Work to complete. Exactly reproduce the lines of the listing below from the one containing "Это милое и" through the one containing "Jordan sneakers joggesko". Skip the images.

Records for this exercise.
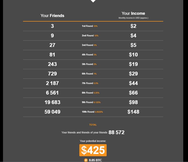 1-Referrals usual habit and you can calculate your income depending on how many referrals you can get.
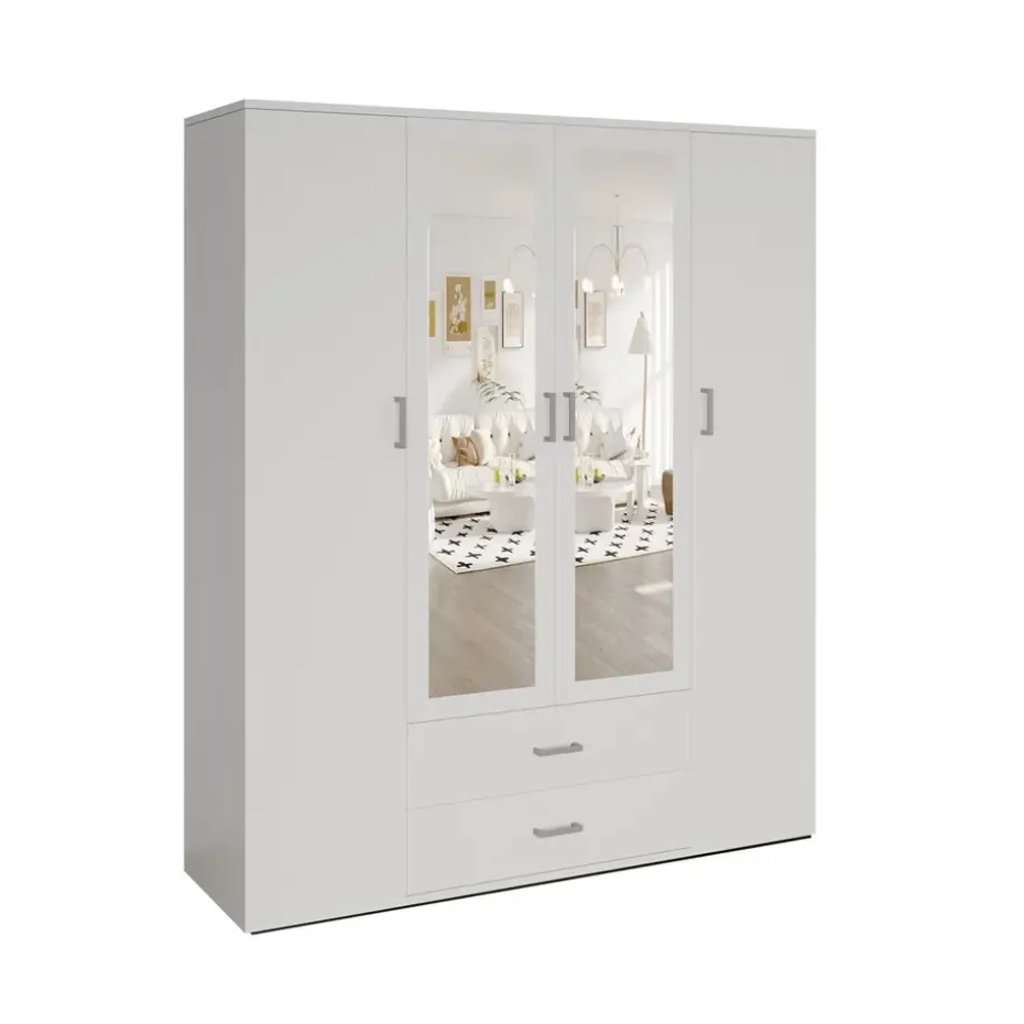 De Interiax Kledingkast ‘Lena’ in wit biedt een royale en stijlvolle opbergoplossing voor elke slaapkamer. Met afmetingen van 185x160x52 cm beschikt deze kast over uitgebreide opbergruimte, ideaal voor kleding, beddengoed en accessoires. De kast heeft 4 deuren, 2 lades voor kleinere items, 1 hanger voor het ophangen van kleding, en maar liefst 7 legplanken om alles overzichtelijk te organiseren. Daarnaast zijn er 2 ingebouwde spiegels op de deuren, wat de kast extra functioneel maakt en een ruimtelijk effect geeft. Het strakke witte design past perfect in diverse interieurstijlen, van modern tot klassiek.
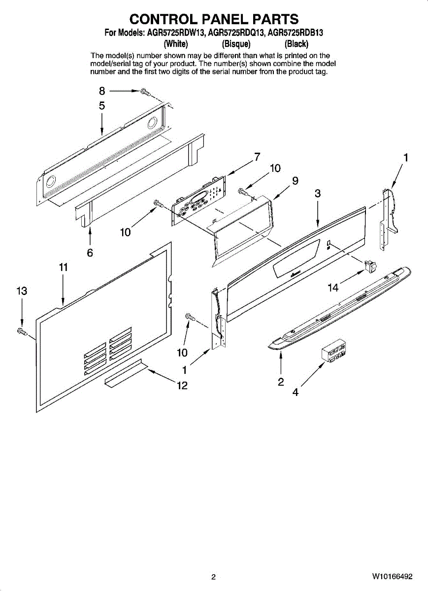 Parts for Maytag AGR5725RDB13: 02 - Control Panel Parts
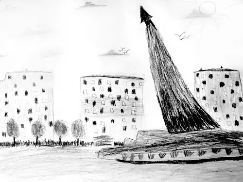 Это милое и живое изображение, на котором запечатлены городские дома, деревья и памятник с огромной стрелой, устремлённой вверх. Картина передаёт ощущение простоты и искренности, а её черно-белая гамма подчёркивает чистоту и естественность пейзажа.
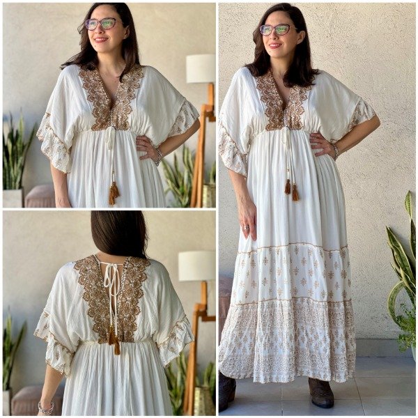 - Vestido de algodón Indio con detalles bordados en pechera y detalles línea Gold en faldón.
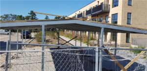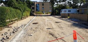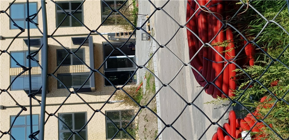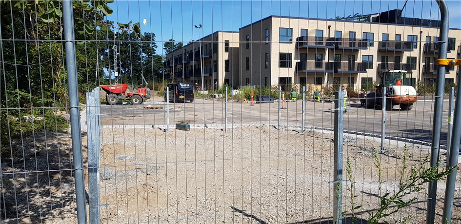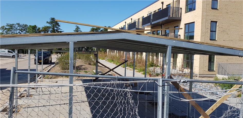 Så sker der igen noget ude foran bygningerne. De er igang med at lave indkørsel til parkeringspladsen Stolper til affaldsdepotet – cykelskuret begynder at tage form,
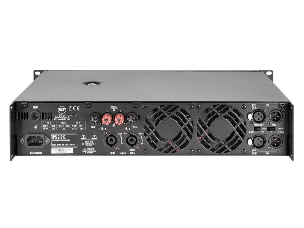 Seria IPS to seria dwukanałowych profesjonalnych wzmacniaczy, które łączą najnowszą, wysokowydajną technologię wzmacniania mocy klasy H z długoterminową niezawodnością. IPS 2.5K to dwukanałowy wzmacniacz mocy, który zapewnia moc do 2 x 1250 W przy impedancji 4 omów. Jest wyposażony w niezależne sterowanie wzmocnieniem, wskaźniki sygnału/przesterowania i awarii, stereofoniczne wejście i wyjście XLR, przełącznik stereo/równoległy/mostkowy, speakON i złącza wyjściowe binding post. Ponadto jest chroniony przed zwarciem. Dzięki wysoce wydajnym radiatorom i wentylatorom o zmiennej prędkości IPS 2.5K wytrzymuje ekstremalne warunki temperaturowe i zapewnia całkowitą niezawodność.
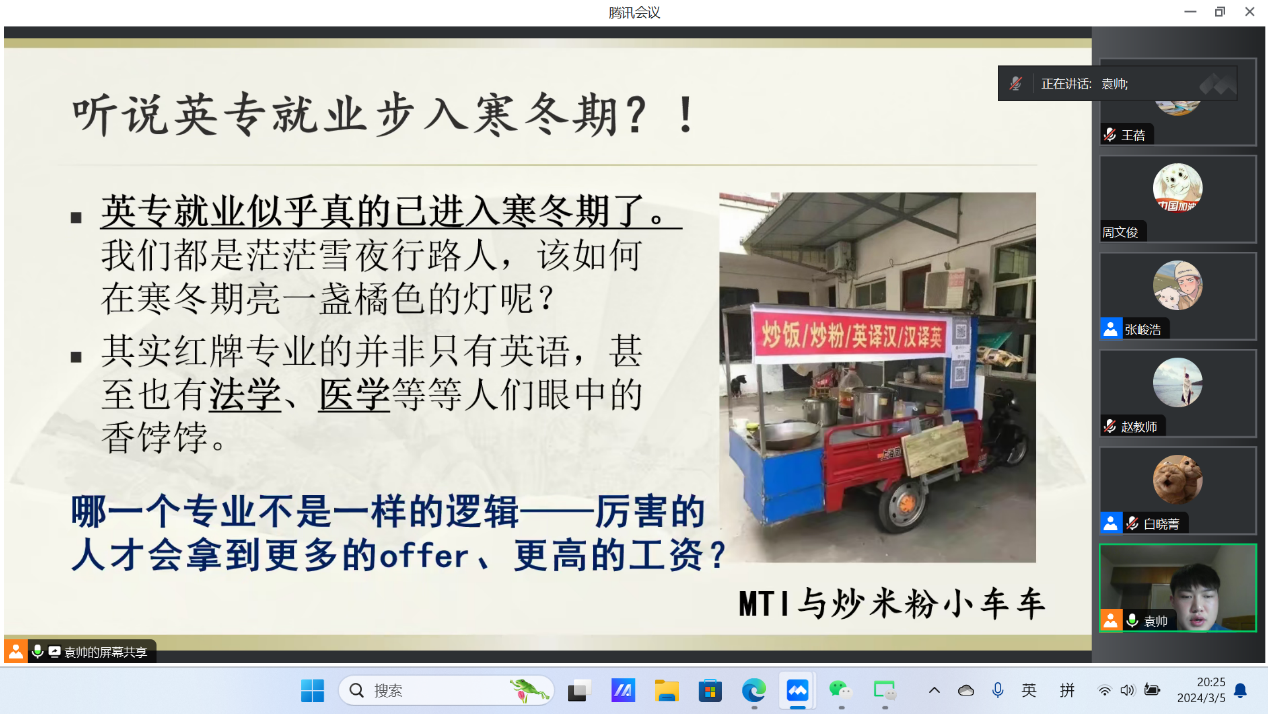 电影天堂 学生会主席袁帅报送研究生分享了自己收集到的一些英专就业方向和获得就业信息的渠道。
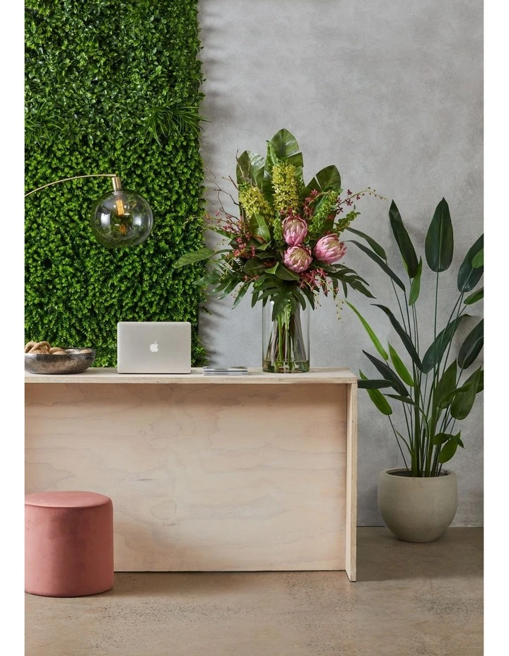 Rogues King Protea Stem is so life-like, you wont believe its faux! Combine with other stems to create a one-of-a-kind arrangement or simply display a single stem in a vase or glass jar for an exquisite yet effective focal point. Being artificial, it is very easy to care for gently wipe with an alcohol-free, unscented baby wipe. Keep out of direct sunlight.
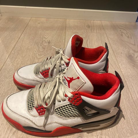 Jordan sneakers joggesko i størrelse 43. Modellen har overdel i grått materiale med svarte detaljer og rød innside. Yttersåle i gummi med mønster for grep og synlig demping i hælen. Klassisk snøring og polstret pløse og krage for komfort. Passer til hverdagsbruk og fritid.
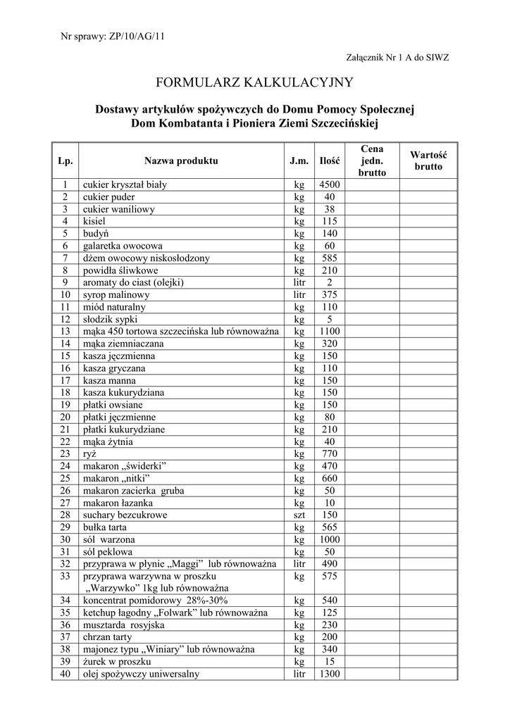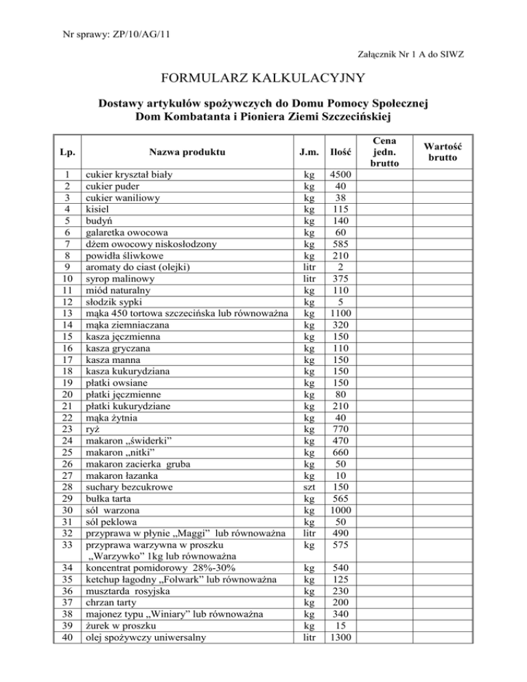 Nr sprawy: ZP/10/AG/11 Załącznik Nr 1 A do SIWZ FORMULARZ KALKULACYJNY Dostawy artykułów spożywczych do Domu Pomocy Społecznej Dom Kombatanta i Pioniera Ziemi Szczecińskiej Lp. Nazwa produktu J.m. Ilość 1 2 3 4 5 6 7 8 9 10 11 12 13 14 15 16 17 18 19 20 21 22 23 24 25 26 27 28 29 30 31 32 33 cukier kryształ biały cukier puder cukier waniliowy kisiel budyń galaretka owocowa dżem owocowy niskosłodzony powidła śliwkowe aromaty do ciast (olejki) syrop malinowy miód naturalny słodzik sypki mąka 450 tortowa szczecińska lub równoważna mąka ziemniaczana kasza jęczmienna kasza gryczana kasza manna kasza kukurydziana płatki owsiane płatki jęczmienne płatki kukurydziane mąka żytnia ryż makaron „świderki” makaron „nitki” makaron zacierka gruba makaron łazanka suchary bezcukrowe bułka tarta sól warzona sól peklowa przyprawa w płynie „Maggi” lub równoważna przyprawa warzywna w proszku „Warzywko” 1kg lub równoważna koncentrat pomidorowy 28%-30% ketchup łagodny „Folwark” lub równoważna musztarda rosyjska chrzan tarty majonez typu „Winiary” lub równoważna żurek w proszku olej spożywczy uniwersalny kg kg kg kg kg kg kg kg litr litr kg kg kg kg kg kg kg kg kg kg kg kg kg kg kg kg kg szt kg kg kg litr kg 4500 40 38 115 140 60 585 210 2 375 110 5 1100 320 150 110 150 150 150 80 210 40 770 470 660 50 10 150 565 1000 50 490 575 kg kg kg kg kg kg litr 540 125 230 200 340 15 1300 34 35 36 37 38 39 40 Cena jedn. brutto Wartość brutto 41 42 43 44 45 46 47 48 49 50 51 52 53 54 55 56 57 58 59 60 61 62 63 64 65 66 67 68 69 70 71 72 73 74 75 76 77 78 79 80 81 82 83 84 85 86 87 88 89 90 ocet 10% proszek do pieczenia drożdże spożywcze pieprz czarny mielony pieprz ziołowy mielony pieprz cayenne mielony czubryca zielona suszona papryka słodka w proszku cynamon w proszku imbir oregano zioła prowansalskie kminek bazylia tarta gałka muszkatołowa curry w proszku czosnek granulowany majeranek goździki liść laurowy przyprawa do drobiu przyprawa do ryb przyprawa do potraw chińskich typu ”Wok” lub równoważna ziele angielskie żelatyna spożywcza barszcz czerwony proszek typu „Winiary” lub równoważna kwasek cytrynowy groszek konserwowy ogórek konserwowy kukurydza konserwowa papryka konserwowa brzoskwinia konserwowana ananas konserwowany fasola Jaś groch łuskany rodzynki śliwka suszona wiórki kokosowe sok pomidorowy 330ml szpinak mrożony kalafior mrożony brokuły mrożone brukselka mrożona fasolka szparagowa mrożona marchew mrożona marchew z groszkiem mrożona włoszczyzna mrożona mieszanka kompotowa mrożona 5-składnikowa truskawka mrożona sardynki w pomidorach puszka 170g litr kg kg kg kg kg kg kg kg kg kg kg kg kg kg kg kg kg kg kg kg kg kg 108 21 21 48 12 5 4 43 6 2 4 5 5 10 3 2 20 11 4 8 44 12 30 kg kg kg 8 46 18 kg kg kg kg kg kg kg kg kg kg kg kg szt kg kg kg kg kg kg kg kg kg 14 235 1120 90 520 55 40 225 245 39 32 7 8000 335 425 240 165 510 50 290 120 300 kg szt 145 50 91 92 93 94 95 96 97 98 99 100 101 102 103 104 105 106 107 108 109 110 111 112 113 114 115 116 117 118 119 120 121 122 123 124 125 makrela wędzona tusza śledzie solone filet filet morszczuk mrożony glazura 15% karp świeży tusza herbata granulowana typu „Assam” lub równoważna herbata expressowa miętowa ekstrakt kawy zbożowej „Inka” lub równoważna kawa rozpuszczalna naturalna typu „Nescafe” lub równoważna kakao naturalne sypkie makaron spagetti sos sojowy jasny przyprawa kurkuma przyprawa kolendra przyprawa jałowiec przyprawa cząber przyprawa estragon przyprawa rozmaryn przyprawa tymianek przyprawa gorczyca przyprawa do grilla „kamis” lub równoważna przyprawa chińska 5 smaków „kamis” lub równoważna przyprawa do gyrosa „kamis” lub równoważna przyprawa shoarma „kamis” lub równoważna przyprawa do ziemniaków „kamis” lub równoważna kmin rzymski „kamis” lub równoważna grzyby suszone papryka pepperoni-słoik oliwa z oliwek ocet winny oliwki w zalewie soja ziarno koper suszony przyprawa do wieprzowiny wiśnie mrożone Frytura (olej palmowy) kg kg kg kg kg 1235 500 1900 105 455 kg kg 21 215 kg 32 kg kg litr kg kg kg kg kg kg kg kg kg kg 50 200 150 4 2 2 2 2 5 2 4 5 5 kg kg kg 3 3 5 kg kg kg litr litr kg kg kg kg kg litr 3 5 15 5 3 50 1500 3 3 20 700 Razem wartość brutto: …………………..................................................... (podpis(y) osób uprawnionych do reprezentacji wykonawcy)
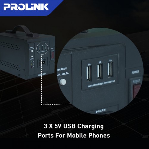 The PROLiNK PPS70 Portabel Solar (PPS) adalah power supply unit yang kompak dan user-friendly cocok untuk digunakan di dalam atau luar ruangan. Unit portabel ini mungkin tampak kecil tapi dilengkapi dengan 230VDC yang dapat digunakan untuk menyalakan lampu hemat energi atau lampu LED hingga 11W. Selain itu, ada juga port USB 5VDC untuk pengisian perangkat mobile Anda dan pin konektor 12VDC untuk peralatan seperti kipas DC. Unit ini dirancang dengan fleksibilitas yang didukung oleh pasokan listrik AC, modul surya PC atau melalui baterai disediakan.
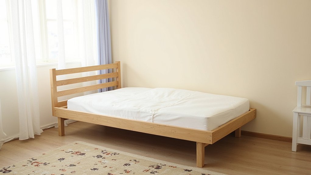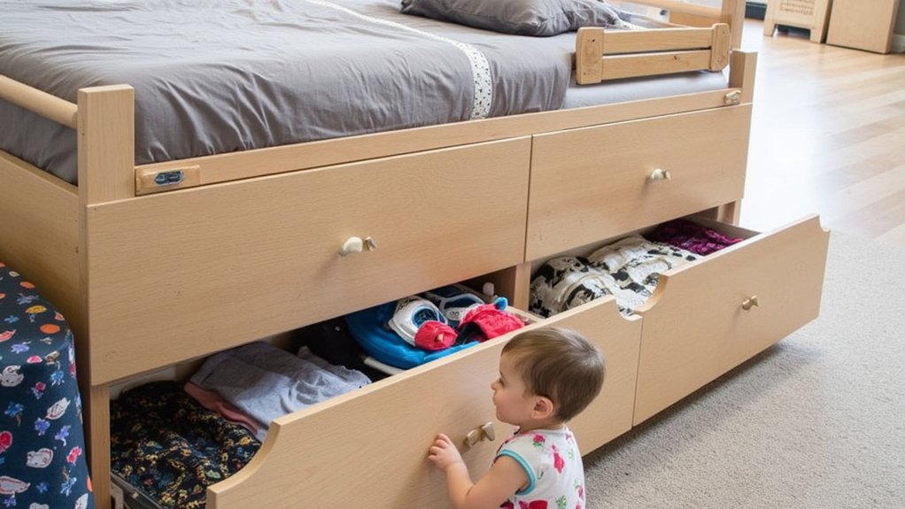 Let’s shift from adding personal touches like name decals to maximizing space with under-bed storage drawers. These drawers keep your child’s Montessori-inspired bedroom tidy and functional, promoting independence. You’ll save floor space while teaching organization.
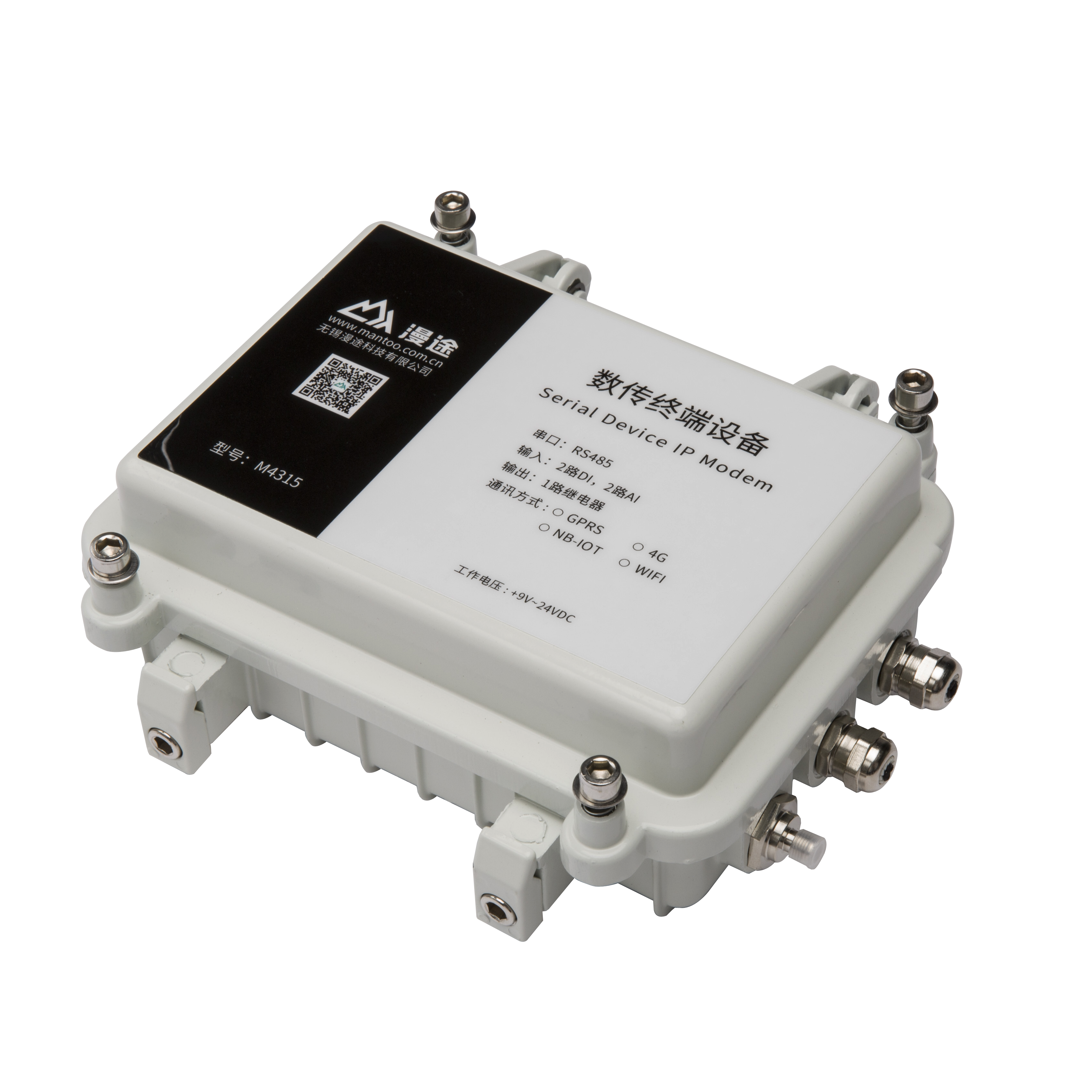 MTRM4-4-1A(M4315集成了2路模拟信号采集、2路开关量输入、1路继电器输出和无线数据通信于一体的高性能测控装置,可以直接接入各种传感器、标准变送器信号、仪表等输出的模拟信号、电平信号、干触点等,并且采用IP67等级防护,是恶劣环境实施无线测控的终端选择。

Exercise result.
 Это милое и живое изображение, на котором запечатлены городские дома, деревья и памятник с огромной стрелой, устремлённой вверх. Картина передаёт ощущение простоты и искренности, а её черно-белая гамма подчёркивает чистоту и естественность пейзажа.
 - Vestido de algodón Indio con detalles bordados en pechera y detalles línea Gold en faldón.
 Så sker der igen noget ude foran bygningerne. De er igang med at lave indkørsel til parkeringspladsen Stolper til affaldsdepotet – cykelskuret begynder at tage form,
 Seria IPS to seria dwukanałowych profesjonalnych wzmacniaczy, które łączą najnowszą, wysokowydajną technologię wzmacniania mocy klasy H z długoterminową niezawodnością. IPS 2.5K to dwukanałowy wzmacniacz mocy, który zapewnia moc do 2 x 1250 W przy impedancji 4 omów. Jest wyposażony w niezależne sterowanie wzmocnieniem, wskaźniki sygnału/przesterowania i awarii, stereofoniczne wejście i wyjście XLR, przełącznik stereo/równoległy/mostkowy, speakON i złącza wyjściowe binding post. Ponadto jest chroniony przed zwarciem. Dzięki wysoce wydajnym radiatorom i wentylatorom o zmiennej prędkości IPS 2.5K wytrzymuje ekstremalne warunki temperaturowe i zapewnia całkowitą niezawodność.
 电影天堂 学生会主席袁帅报送研究生分享了自己收集到的一些英专就业方向和获得就业信息的渠道。
 Rogues King Protea Stem is so life-like, you wont believe its faux! Combine with other stems to create a one-of-a-kind arrangement or simply display a single stem in a vase or glass jar for an exquisite yet effective focal point. Being artificial, it is very easy to care for gently wipe with an alcohol-free, unscented baby wipe. Keep out of direct sunlight.
 Jordan sneakers joggesko i størrelse 43. Modellen har overdel i grått materiale med svarte detaljer og rød innside. Yttersåle i gummi med mønster for grep og synlig demping i hælen. Klassisk snøring og polstret pløse og krage for komfort. Passer til hverdagsbruk og fritid.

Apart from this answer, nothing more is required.